Economic Summary for Ukraine

  • Year 2009: Economic Summary for Ukraine



    • World economic crisis resulted in drop in external demand for Ukrainian products and restricted access to external financing for corporate sector. As a result, real GDP declined by 15.1% in 2009.
    • Economic crisis coupled with high political uncertainty resulted in contraction of real gross fixed capital accumulation by record 46.2%.
    • Agricultural sector suffered the least from economic crisis being supported by growth in livestock.
    • In the beginning of 2009 most serious gas sector conflict ever seen in Europe happened.
    • Russia and Ukraine signed a contract, according to which the parties agreed to calculate the price for imported natural gas according to formula-based approach.
    • Metallurgy and chemical industry, which suffered substantially due to plunge in external demand, enjoyed discounted gas and fright transportation tariffs.
    • The current account and financial account were in deficits due to rapid decline in exports and substantial outflow of capital.
    • Economic crisis resulted in larger drop of merchandise imports than exports, which resulted in narrowing trade deficit in goods.
    • Population welfare deteriorated in 2009. Unemployment rate (ILO) increased, while real wages contracted by 9.2% in real terms.

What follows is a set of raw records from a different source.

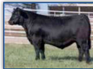
HOOVER GENERAL LEE C414 GENERAL LEE SON SELLS FEBRUARY 3, 2026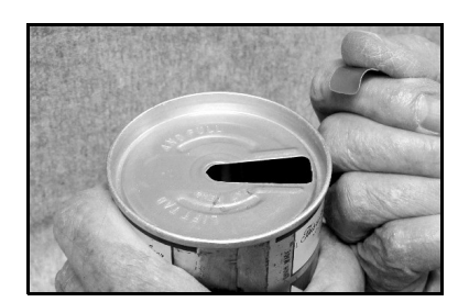
Figure A-7 – Freeing the tab

The only really effective grip was with the joint of the thumb and the second joint of the index finger. This created a firm grip on the entire surface of the tab. Meanwhile, the second knuckles of the middle and index fingers (or just the index finger on those with large hands) acted as a fulcrum, allowing you to effectively sever the tear strip in a smooth, rolling motion – while still holding the beer can upright (Figures A-5, A-6, & A-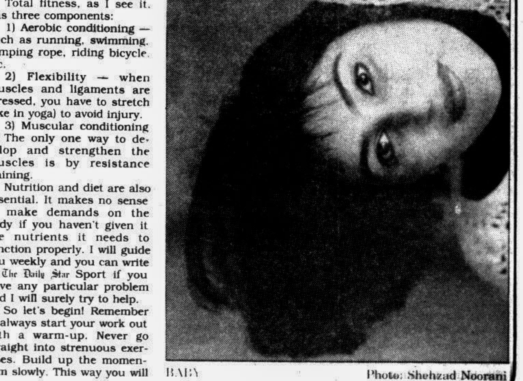
BABY L ETS face it, ladies. When it comes to working out, its time to forget about everything else and get serious about your "one and only body".

SIDE BENDS This movement stretches Stand upright, feet wide apart. Raise your right hand overhead and keep the left hanging on the side. As you bend side ways, keeping the arm close to the head and straight, feel the stretch on the side of your body. Tighten your buttocks and curl your pelvic up more. Breathe normally.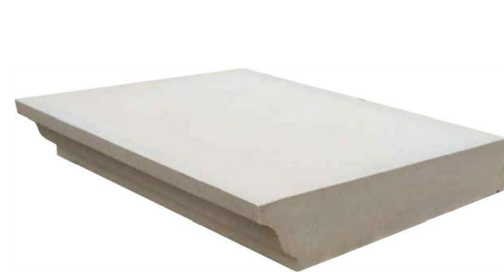
TYPICAL STONE COPING MODEL SHOWN IS CS45 FROM ACANTHUS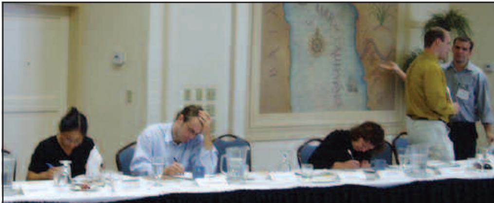
Scholars who might otherwise never get the chance to meet can work together during and after Coase Institute workshops, as here in Tucson.

Graduates of our workshops have also had excellent success with scholarly research and activities. In worldwide research competitions conducted by the Global Development Network, our graduates in Russia, Argentina, and India have won four major prizes, while another in Nepal was a top-three finalist. The Economist magazine featured a study on child mortality and water supply by a workshop graduate in Argentina. A Russian graduate has been a Fellow at the Institute for Advanced Studies, Princeton. Another Russian graduate won the prize of the Central Mathematics and Economics Institute in Moscow. Two Hungarian graduates are founders of the Hungarian Society for New Institutional Economics. Many are publishing books and articles in scholarly journals. At least ten graduates have returned to serve as faculty in later workshops, helping to educate other young scholars.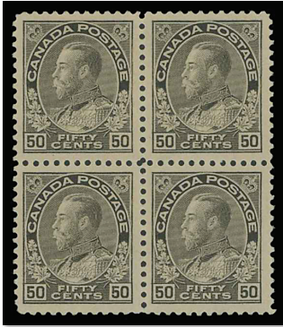
Lot 492 – Realized $2,300

Realizations below do not include the 15% buyer's premium.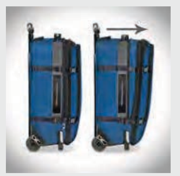
Start trip with unexpanded bag; expand as needed for gifts and souvenirs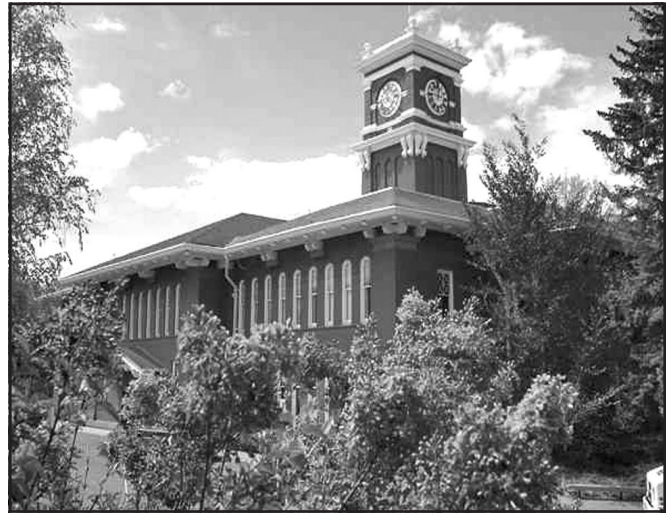
WSU's Bryan Hall

This session will examine the legal and ethical parameters of deaccessioning with an aim to offering guidelines for developing and pursuing prudent deaccessioning policy in the current financial climate. Will include discussion of current case studies; e.g., Brandeis.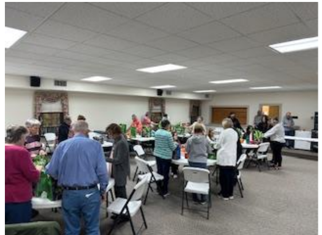
2023 Thanksgiving Meal Packing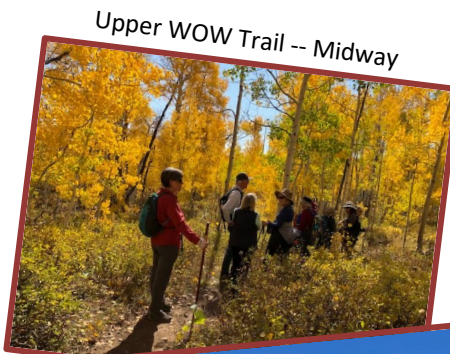
Upper WOW Trail -- Midway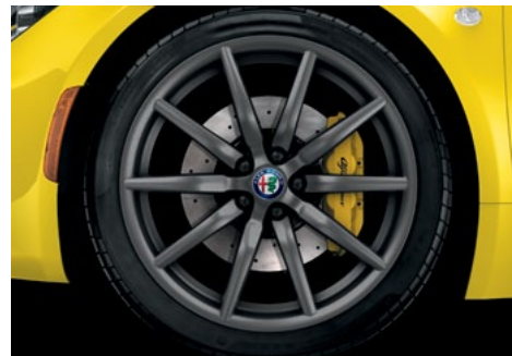
5A6 - 18/19-Inch Dark Spider Design Alloy Wheels (Option - Spider)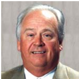
James R. Andrews, MD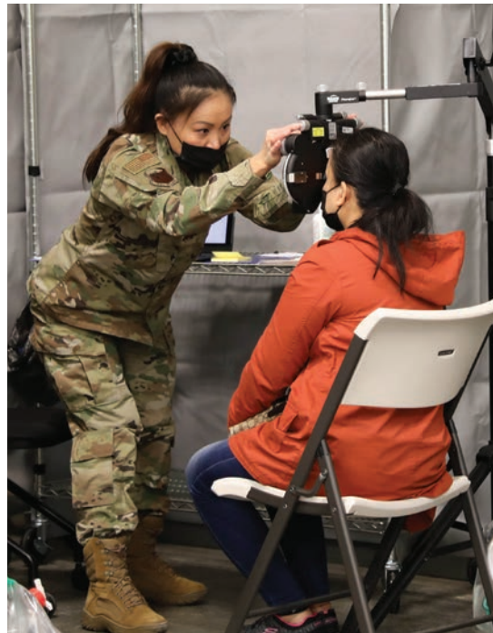
Kodiak Arctic Care mission participant provides an eye exam to a patient.

Innovative Readiness Training has partnered with KANA previously and the mission would not have been possible without their support. KANA provides integrated wellness services to the entire Kodiak Island community. Their focus is on Alaska Native beneficiaries and specific healthcare issues that may arise within the Native community. Service Members were not only able to receive training for real-world deployment conditions, but they were also able to take part in community building—meeting and interacting with the community they were assisting. IRT's mission has helped foster a deep connection between Service Members and the community, build cultural awareness, and establish lasting relationships.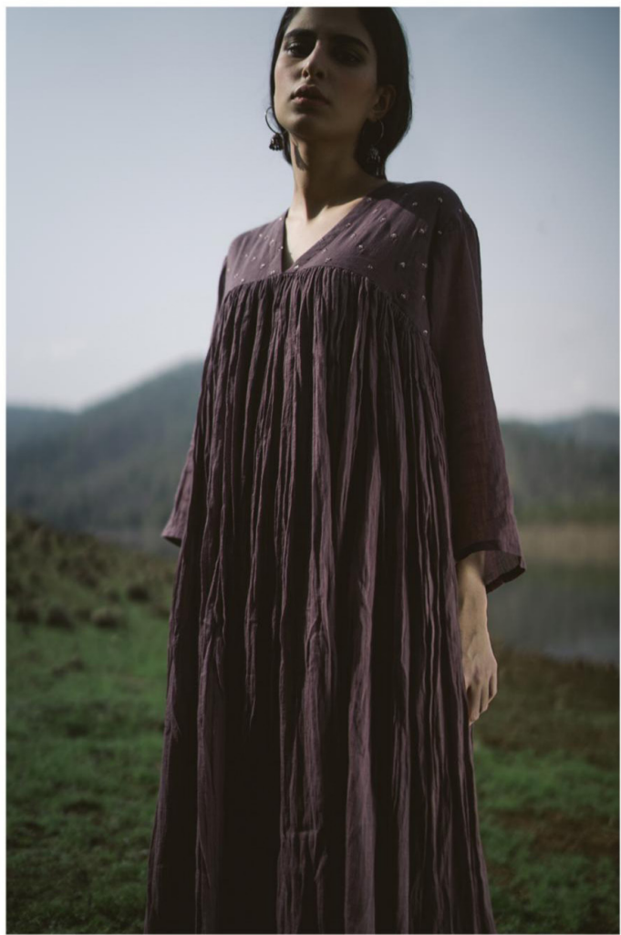
Reyah Gathered Kurta Set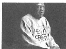
Another Bill Cosby Accuser Sues Him for Defamation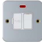
MC13FCUS 13A 1Gang Switched Fused Spur Outlet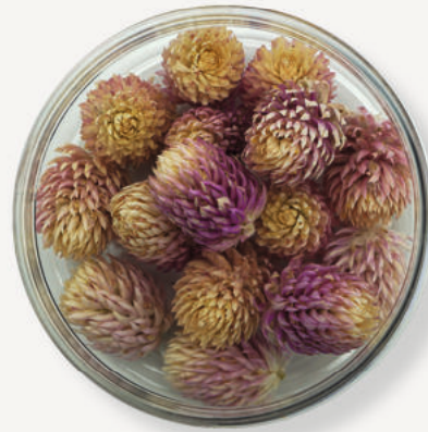
PINK // ART.-Nr. RR094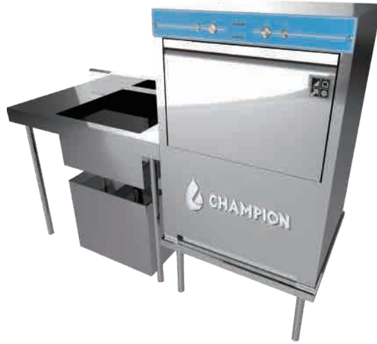
標準式運作圖 Standard Type Operation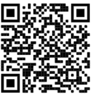
Link to address standard guide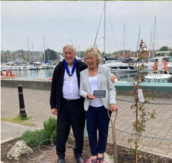
PLANT A TREE FOR THE JUBILEE AT WEYBAY WI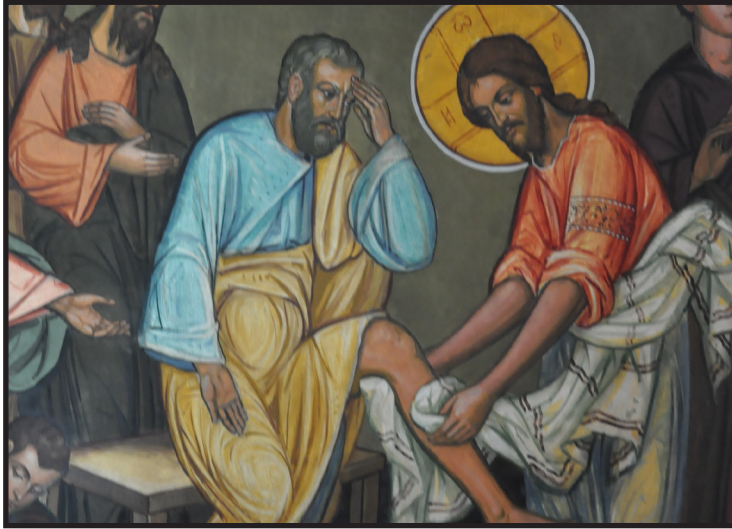
Figure 3: Images of Jesus with the disciples

aware of the story of Jesus washing the disciples' feet. In embodying this metaphor, Sister Irma superimposes the trope of Jesus' humility and devotion on top of her own interactions with her community of elderly peers.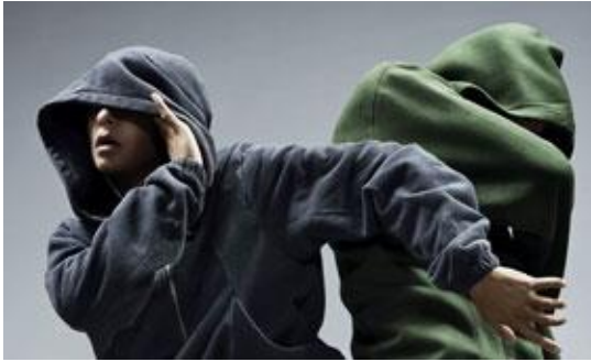
Cullberg Ballet: JJ's Voices (SE) http://www.cullbergbaletten.se/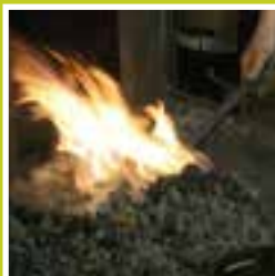
Blacksmith Demonstration Day April 25 See page 5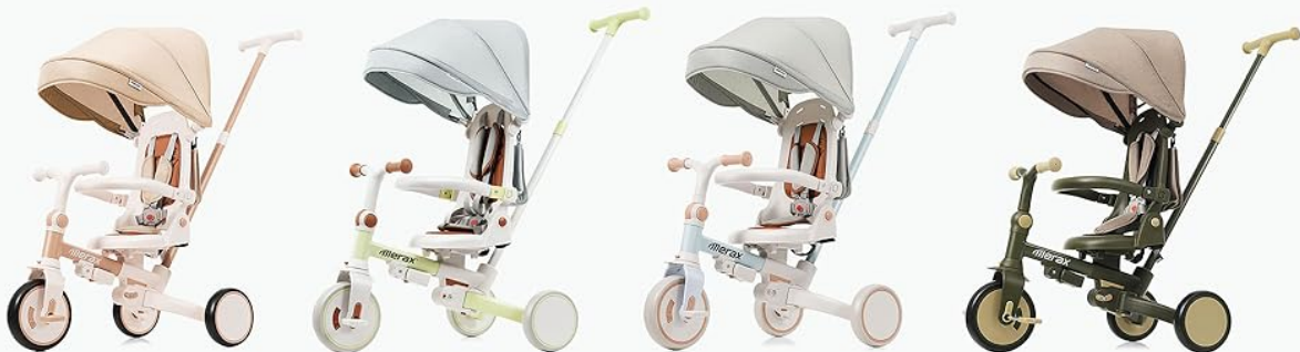
Image 1.1: The Merax 7-in-1 All-Terrain Kids Tricycle Stroller, showcasing its primary configuration.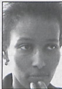
Ayaan Hirsi Ali

"In a series of 'Letters to Hirsi Ali' published this spring in the newspaper De Volkskrant , several well-known, mostly male writers charged her with poisoning the political atmosphere with her strident attacks on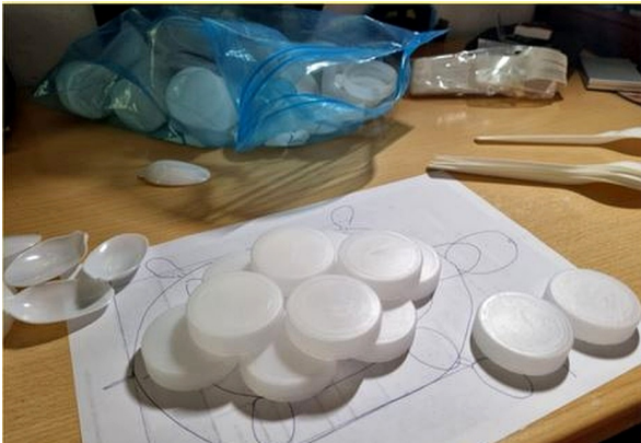
Plastic spoons and caps are prepared as reusable materials for the artwork.

The Finland photographs show the preparation and construction process. Students used plastic spoons and caps as reusable materials and transformed them through cutting, arranging and fixing with silicone.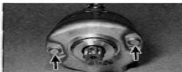
31.3a Starter motor long bolts (arrowed) - 550 models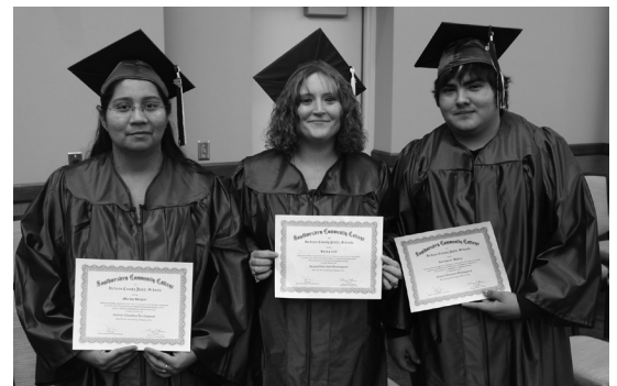
Swain County graduates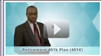
401K Retirement Plans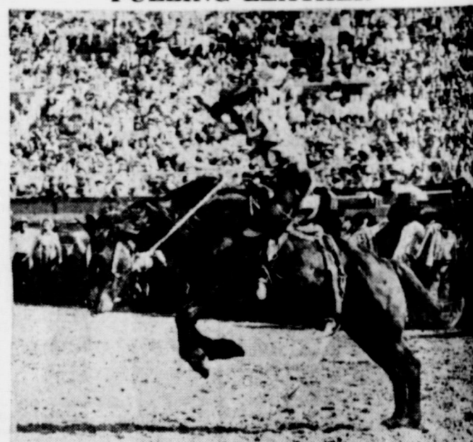
This convict rider shows great skill and balance in the Saddle Bronc Bustin' Contest, one of the many thrilling features of the 26th annual Texas Prison Rodeo in the prison's million- dollar stadium at Huntsville. The rodeo is held each Sunday dur- ing October beginning at 2 p.m.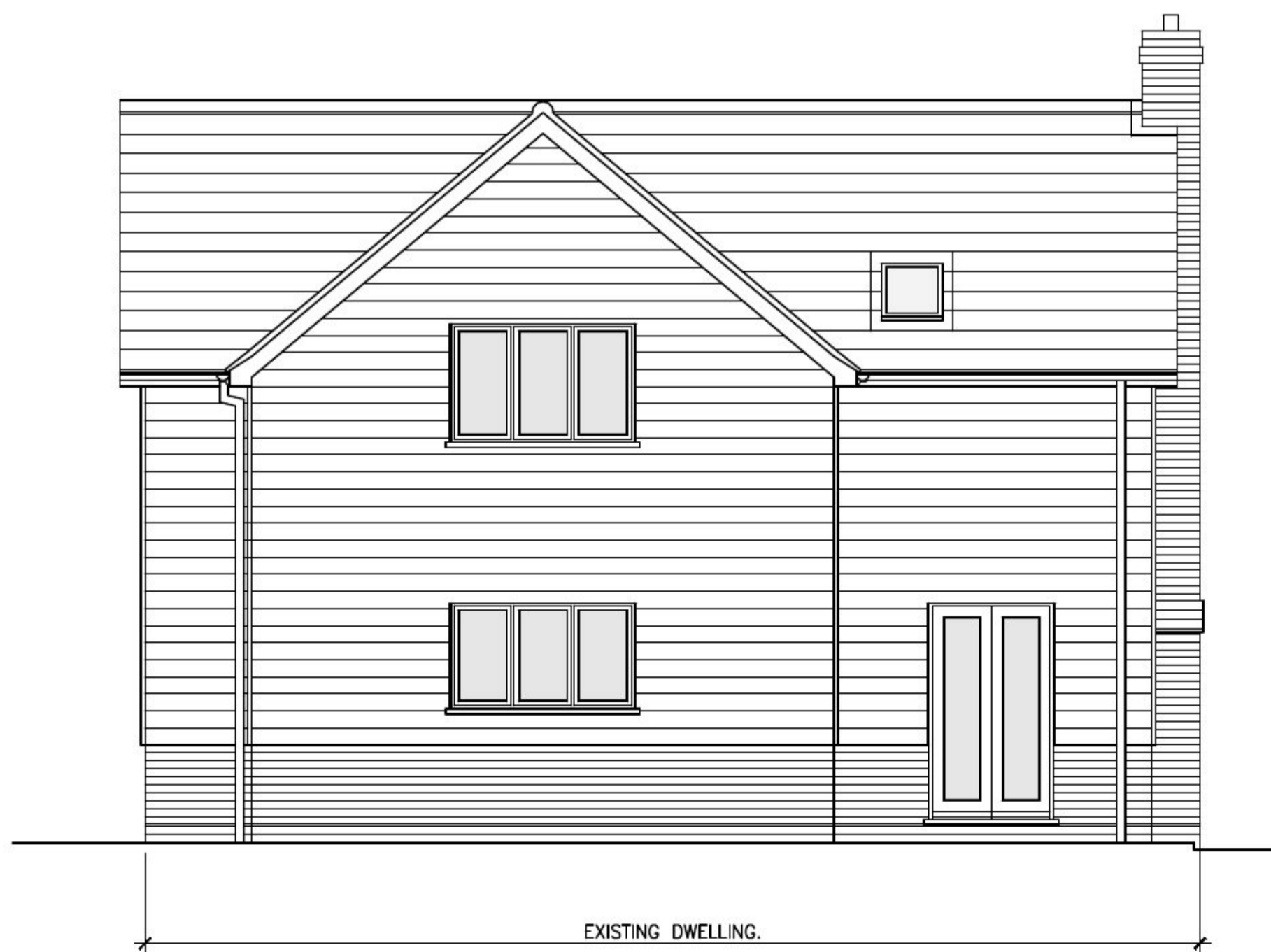
EXISTING DWELLING. EXISTING REAR ELEVATION SCALE 1:50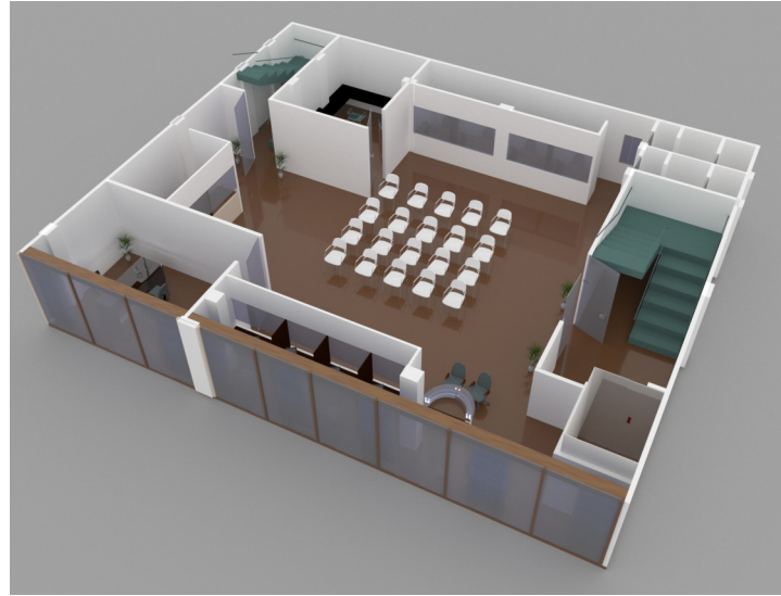
PROPOSED FLOOR PLAN FOR BANK

    • The deterioration of economic conditions resulted in the increased pressure on fiscal expenditures. Even though central fiscal revenues were lower than in 2008 for entire year, the Government did not sequester the budget.
    • The IMF provided the instalments at USD 4.7 bn for fiscal purposes. As a result, the Government financed pensions in time and in full, while the NJSC Naftogaz was able to pay for imported gas.
    • State debt surged, though remaining at moderate level by international standards
    • Social standards were sharply raised in the end of 2009 increasing concerns on fiscal sustainability.
    • The Pension Fund expenditures increased to 18% of GDP, being largely financed at the expense of central fiscal transfers and State Treasury loans.
    • Consumer inflation decelerated, while money supply declined.
    • Hryvnia was more stable, being supported by NBU interventions.
    • Most financial institutions succeeded to survive.